For detailed usage of RESTORE, please refer to here.

The commands related to the backup and restore function are as follows. For the following commands, you can use help cmd; to view detailed help after connecting to Doris through mysql-client.

  1. CREATE REPOSITORY

    Create a remote repository path for backup or restore. This command needs to use the Broker process to access the remote storage. Different brokers need to provide different parameters. For details, please refer to Broker documentation, or you can directly back up to support through the S3 protocol For the remote storage of AWS S3 protocol, directly back up to HDFS, please refer to Create Remote Warehouse Documentation

  2. RESTORE

    Perform a restore operation.

  3. SHOW RESTORE

    View the execution of the most recent restore job, including:

    • JobId: The id of the current recovery job.
    • Label: The name (Label) of the backup in the warehouse specified by the user.
    • Timestamp: The timestamp of the backup in the user-specified repository.
    • DbName: Database corresponding to the restore job.
    • State: The current stage of the recovery job:
      • PENDING: The initial status of the job.
      • SNAPSHOTING: The snapshot operation of the newly created table is in progress.
      • DOWNLOAD: Sending download snapshot task.
      • DOWNLOADING: Snapshot is downloading.
      • COMMIT: Prepare the downloaded snapshot to take effect.
      • COMMITTING: Validating downloaded snapshots.
      • FINISHED: Recovery is complete.
      • CANCELLED: Recovery failed or was canceled.
    • AllowLoad: Whether to allow import during restore.
    • ReplicationNum: Restores the specified number of replicas.
    • RestoreObjs: List of tables and partitions involved in this restore.
    • CreateTime: Job creation time.
    • MetaPreparedTime: Local metadata generation completion time.
    • SnapshotFinishedTime: The local snapshot completion time.
    • DownloadFinishedTime: The time when the remote snapshot download is completed.
    • FinishedTime: The completion time of this job.
    • UnfinishedTasks: During SNAPSHOTTING, DOWNLOADING, COMMITTING and other stages, there will be multiple subtasks going on at the same time.
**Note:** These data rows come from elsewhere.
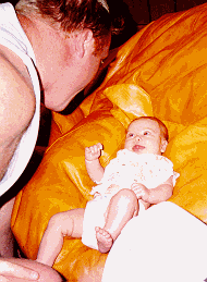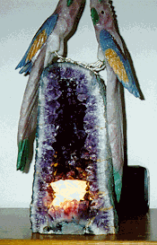 These photos are a few of my parent's recent favorites. The pictures are larger than usual and will take a little longer to download so be patient. Soon, I hope to share a few pictures from my trip to the United States. It is good to be back home and spend a little time with my Dad. Mom and I had a great trip, which I will tell you about later. We just updated my vital statistics so if you haven't been there yet, make sure to visit that page. One thing I really enjoy doing is smiling back at people as you can see from some of these pictures. For those of you who haven't visited Brazil, the birds below represent art native to Brazil. I think my Dad and Mom are trying to acquire things that will be difficult for me to break as I get more active. The "lamp" is just over 2' tall and hhheeeaaavvvyyyy!
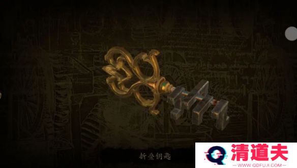 8、在小木屋后发现机关,旋转塔顶,点击得到黄铜折架,查看黄铜折架,旋转支架,得到镂环转轮。
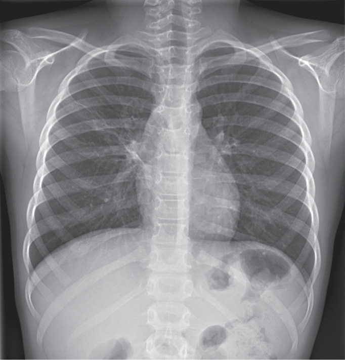 Анамнез болезни. В первую неделю болезни отмечались субфебрильная температура и катаральные симптомы, лечилась симптоматически. С 16.04 появились высокая лихорадка и кашель. С 17.04 по 23.04 получала кларитромицин перорально в дозе 7,5 мг/кг в сутки. 18.04 на рентгенограмме органов грудной клетки обнаружены инфильтративные изменения без четких контуров в S1–S2 справа и в проекции правого корня легкого (не исключено, что за счет бронхопульмональных лимфоузлов). В клиническом анализе крови — лейкоцитоз, нейтрофилез, повышение ESR. Ввиду отсутствия положительной динамики с 23.04 кларитромицин отменен, назначен цефтриаксон внутримышечно один раз в сутки в дозе 37 мг/кг в сутки, после чего наблюдалось небольшое улучшение состояния — увеличились интервалы между подъемами температуры.
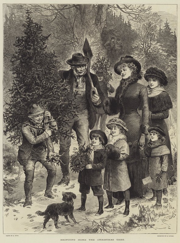 Bringing Home The Christmas Tree (gravering)(Bringing Home The Christmas Tree (engraving))English School |
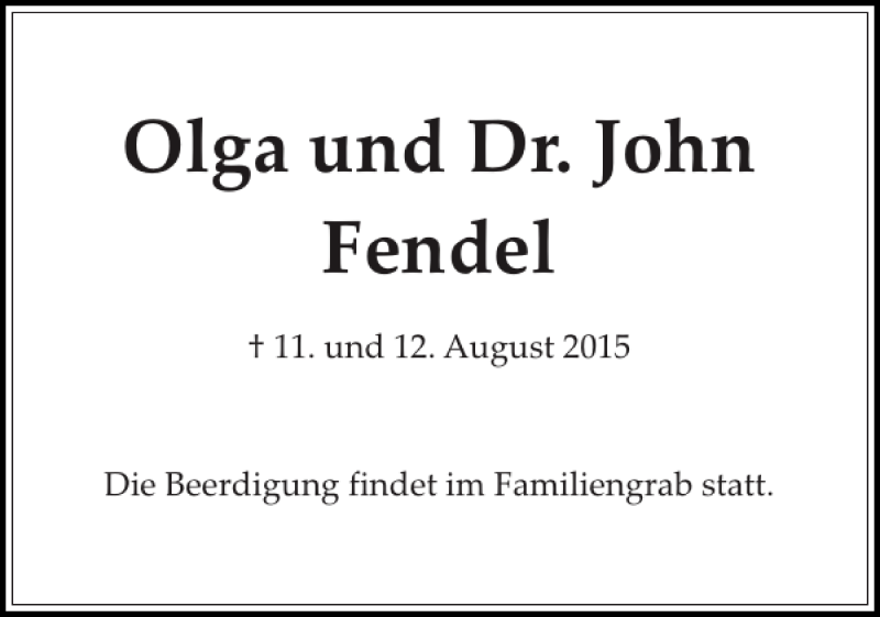 Hier finden Sie alle Traueranzeigen aus der Zeitung, die bisher für Olga und Dr. John Fendel erschienen sind. Weitere Traueranzeigen, die in der Zeitung erscheinen, werden hier ebenfalls aufgelistet
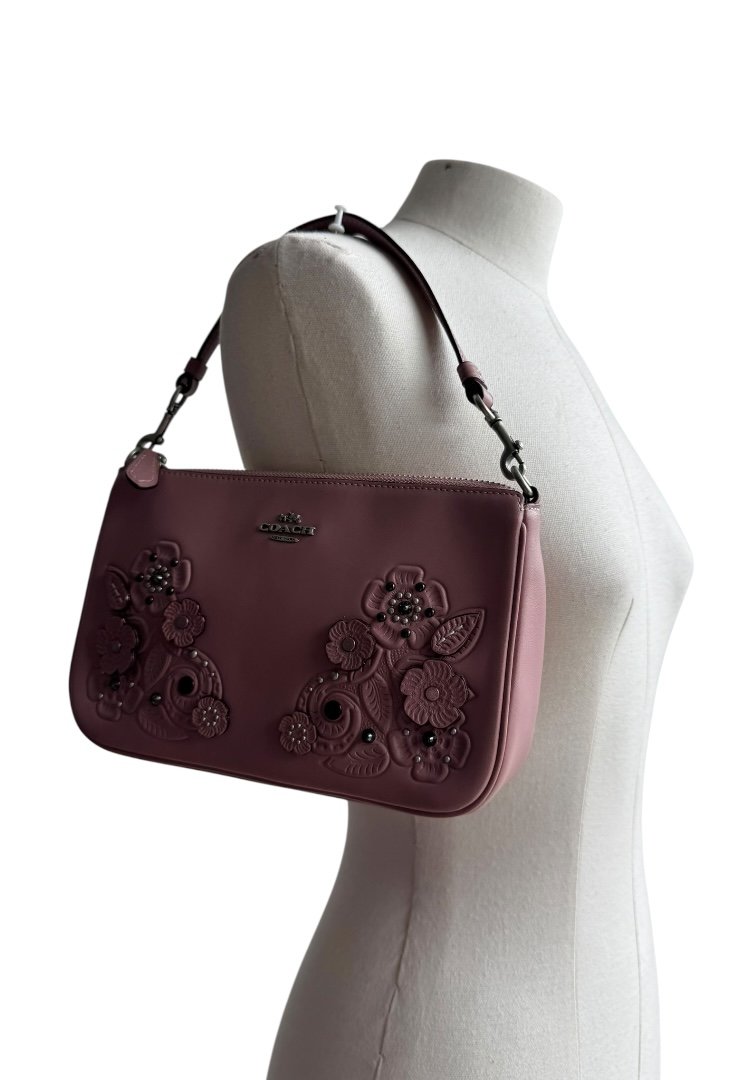 Bolso elaborado en piel lisa, adornos de flores con detalles en plata, cierre principal de cremallera, apliques en plata.
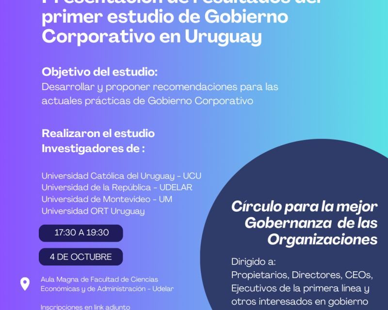 Te invitamos a unirte en la presentación de la fotografía de la situación del Gobierno Corporativo en Uruguay, con comentarios y recomendaciones de los investigadores y profesionales de nuestro Círculo.
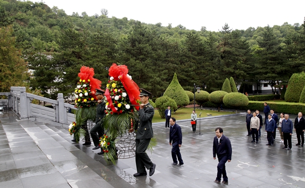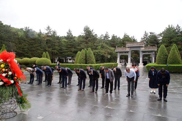 6月16日,细雨蒙蒙,学校党委中心组成员来到寨子湾陕甘边苏维埃政府、军委旧址,了解刘志丹、谢子长、习仲勋等老一辈无产阶级革命家的革命事迹,回顾陕甘边区革命斗争的光辉历程,接受革命历史传统教育,汲取革命精神力量。大家缓步走到南梁镇荔园堡南梁革命烈士纪念碑前,校党委书记赛云秀,校长李天太分别代表学校党政向陕甘边革命烈士纪念碑敬献花篮,所有人员向创建陕甘边革命根据地的英烈们三鞠躬,瞻仰南梁革命烈士纪念碑,缅怀革命先烈的不朽功绩。在纪念碑前,由校党委书记赛云秀领誓,党委中心组全体同志面对党旗重温入党誓词,回顾入党时的铮铮誓言。
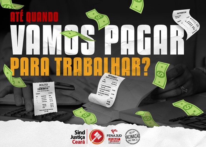 Um ano de pandemia e o SindJustiça Ceará continua a perguntar: Até quando os servidores irão continuar pagando para trabalhar? O sindicato exige um auxílio-tecnológico ou o ressarcimento dos gastos que os servidores estão tendo desde o ano passado para continuar a atuar em teletrabalho. A conta está alta, chega de pagar para trabalhar!
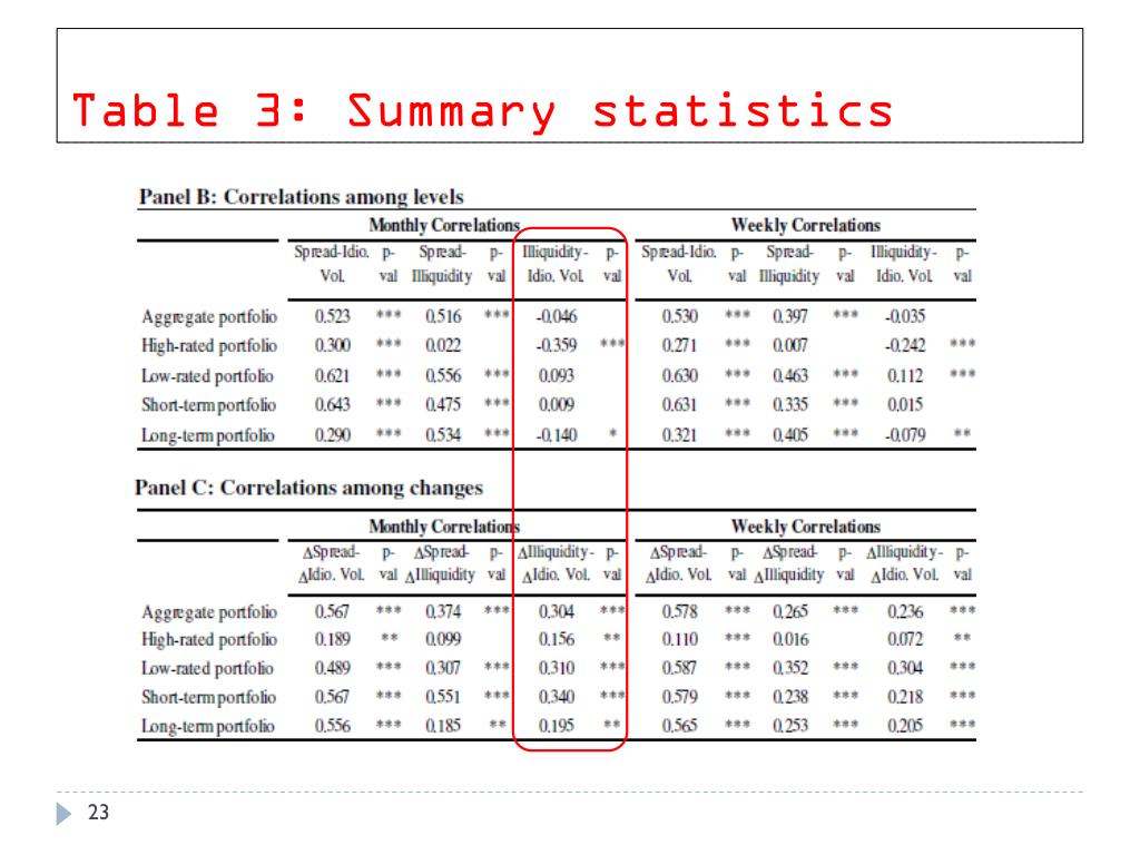 Summary of Results: (1) • First, both idiosyncratic volatility and liquidity effects jointly and significantly matter only for • the distress portfolios i.e. low rated and short-term bonds; • for other portfolios volatility subsumes liquidity. • The effect of 1σ shock of volatility (bond illiquidity) on aggregate bond spreads is 16 bps, (6 bps), and increases to 23 bps (9 bps) for low-rated bonds.
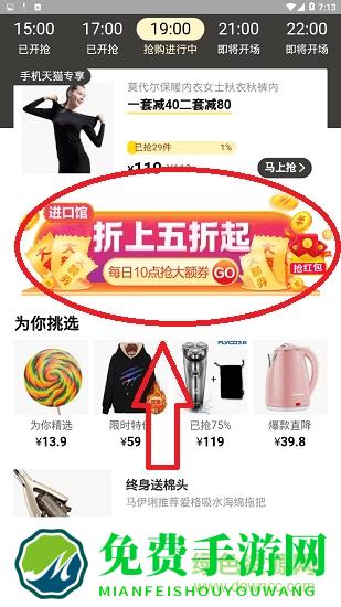 一、在商城首页直接点击“限时抢购”即可进入活动界面。
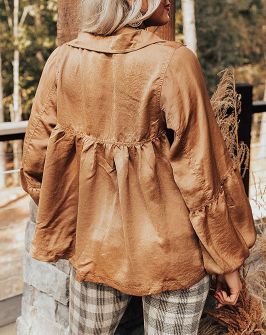 Puff Sleeve Collared Pleated Babydoll Blouse
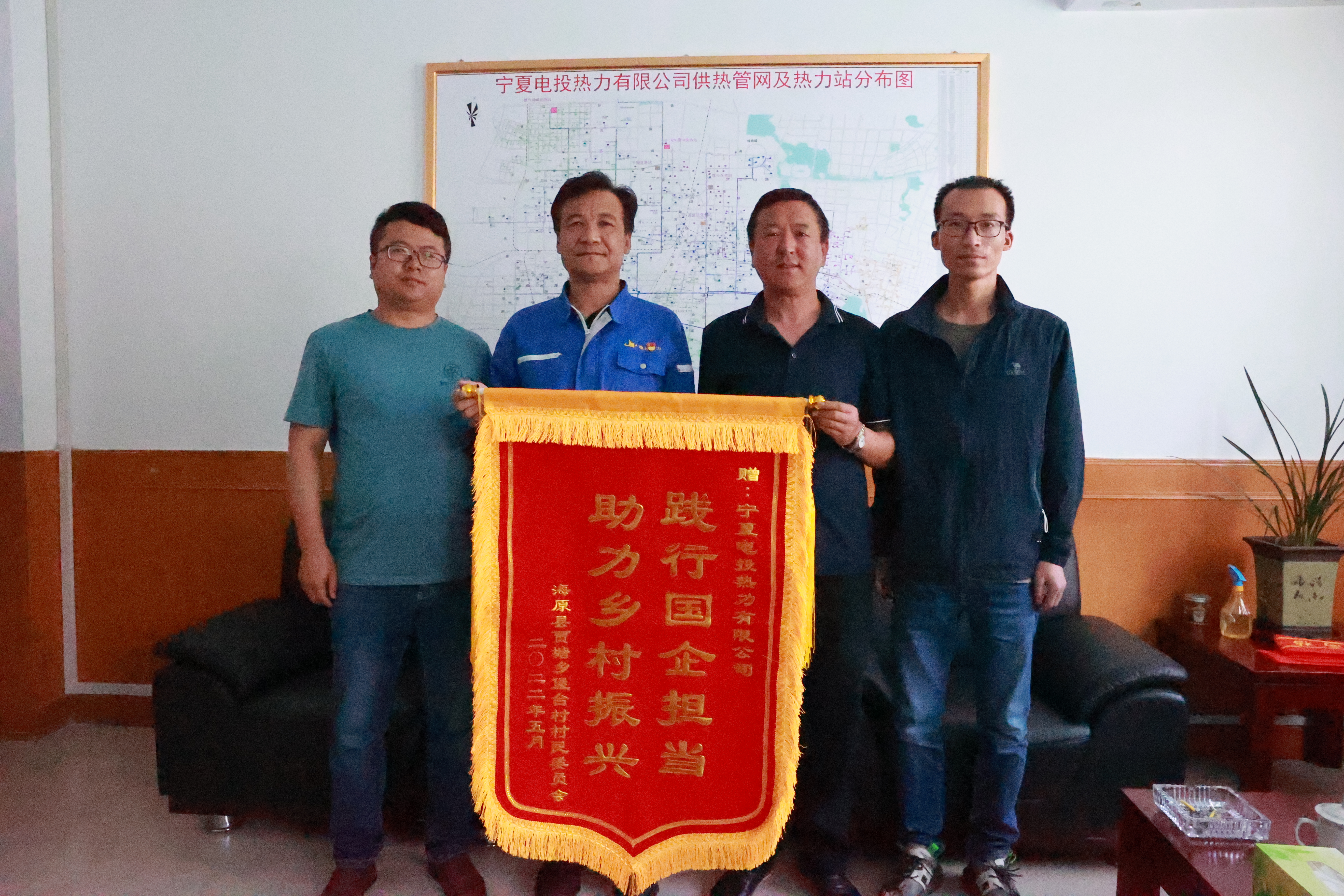 5月26日,海原縣賈塘鄉(xiāng)黨委組織部長李世民一行代表全體村民為熱力公司送來一面繡有“踐行國企擔(dān)當(dāng) 助力鄉(xiāng)村振興”的錦旗,充分肯定了駐村工作隊(duì)的工作成績和辛勤付出,深情感謝熱力公司對鄉(xiāng)村振興工作的大力支持。

The current stage shown here is the task id of the unfinished subtasks.
    • TaskErrMsg: If there is an error in the execution of a subtask, the error message of the corresponding subtask will be displayed here.
    • Status: Used to record some status information that may appear during the entire job process.
    • Timeout: The timeout period of the job, in seconds.
  4. CANCEL RESTORE

    Cancel the currently executing restore job.

  5. DROP REPOSITORY

    Delete the created remote repository. Deleting a warehouse only deletes the mapping of the warehouse in Doris, and does not delete the actual warehouse data.

Common mistakes

  1. Restore Report An Error:[20181: invalid md5 of downloaded file: /data/doris.HDD/snapshot/20220607095111.862.86400/19962/668322732/19962.hdr, expected: f05b63cca5533ea0466f62a9897289b5, get: d41d8cd98f00b204e9800998ecf8427e]

    If the number of copies of the table backed up and restored is inconsistent, you need to specify the number of copies when executing the restore command. For specific commands, please refer to RESTORE command manual

  2. Restore Report An Error:[COMMON_ERROR, msg: Could not set meta version to 97 since it is lower than minimum required version 100]

    Backup and restore are not caused by the same version, use the specified meta_version to read the metadata of the previous backup. Note that this parameter is used as a temporary solution and is only used to restore the data backed up by the old version of Doris. The latest version of the backup data already contains the meta version, so there is no need to specify it. For the specific solution to the above error, specify meta_version = 100. For specific commands, please refer to RESTORE command manual

More Help

For more detailed syntax and best practices used by RESTORE, please refer to the RESTORE command manual, You can also type HELP RESTORE on the MySql client command line for more help.